= Data supplied =
****************************************

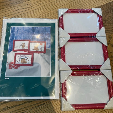 Broderipakke med to bilder. Tilhørende rammer med yttermål 24,5 x 24,5 cm.
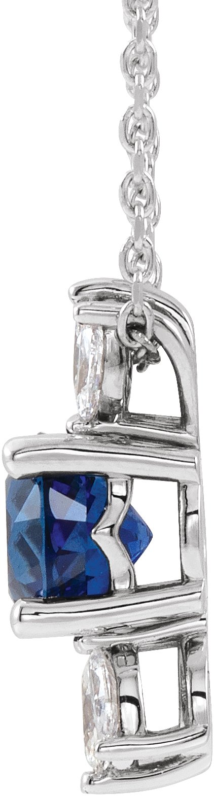 14K White Chatham Lab Created Blue Sapphire & 1/4 CTW Diamond 16 18 inch Necklace
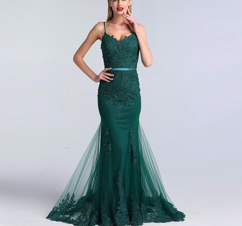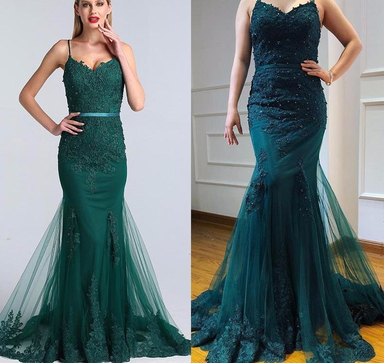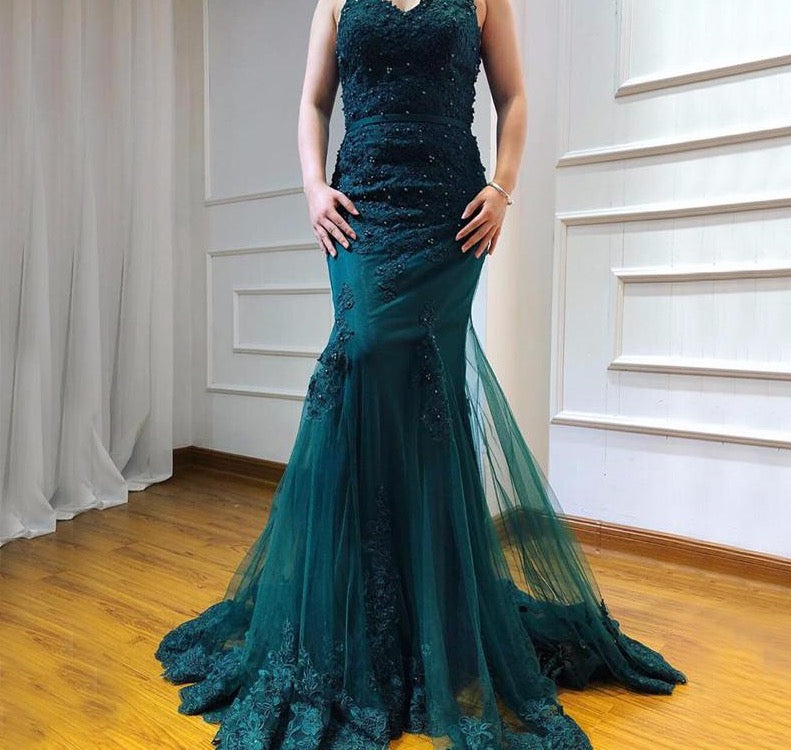Green Sexy Sweetheart Lace Crystal Evening Dress Dubai Luxury Mermaid Formal Party Gown Real Photo
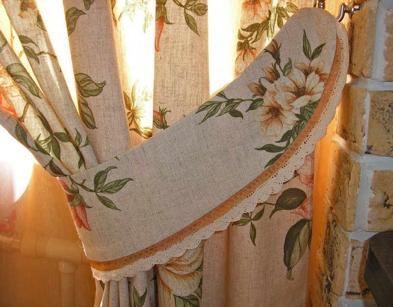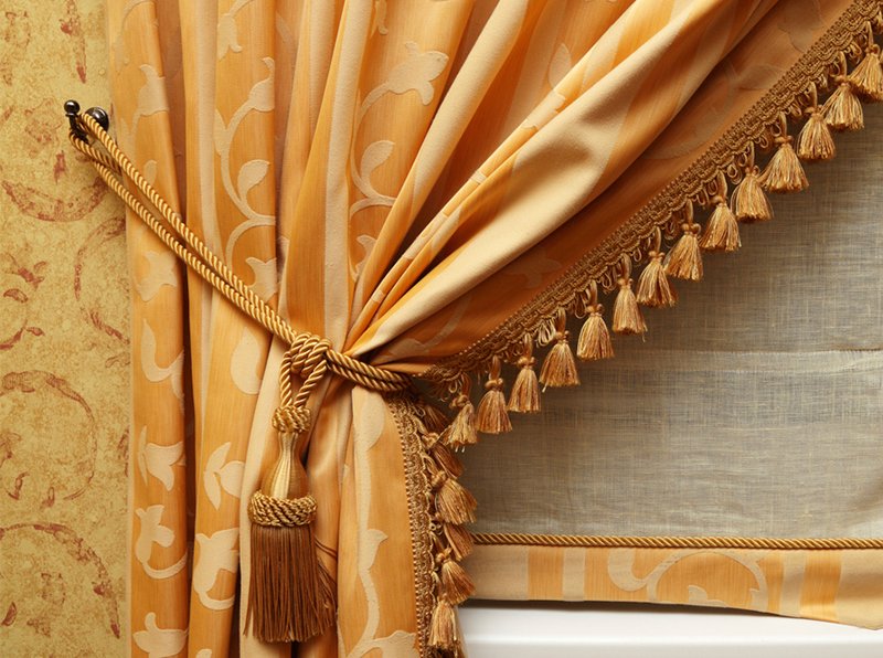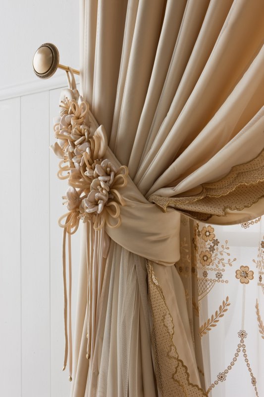 Для максимально гармоничного оформления фурнитура подбирается под фактуру и «статус» портьер. Легкие, полупрозрачные занавески подпоясываются тонкими шнурками, простые льняные – более грубыми, толстыми. Роскошные, «богато» вышитые портьеры украшаются блестящими подхватами с кистями в тон шторам.
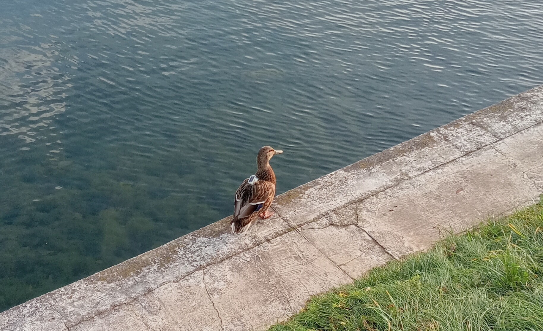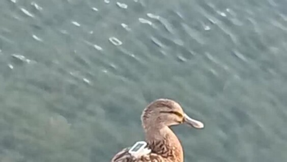 Утка вела себя очень странно. Она спокойно прохаживалась по берегу в стороне от своих сородичей. Не обращала внимание на окружающих. На спине было закреплено некое устройство, а на ноге что-то напоминающее кольцо. Но это ещё не всё.

****************************************

= Task prompt =
Every picture stays out; reproduce exactly the lines from the one with "Для максимально гармоничного" through the last line of the data above.

= Solution to this task =
 Для максимально гармоничного оформления фурнитура подбирается под фактуру и «статус» портьер. Легкие, полупрозрачные занавески подпоясываются тонкими шнурками, простые льняные – более грубыми, толстыми. Роскошные, «богато» вышитые портьеры украшаются блестящими подхватами с кистями в тон шторам.
 Утка вела себя очень странно. Она спокойно прохаживалась по берегу в стороне от своих сородичей. Не обращала внимание на окружающих. На спине было закреплено некое устройство, а на ноге что-то напоминающее кольцо. Но это ещё не всё.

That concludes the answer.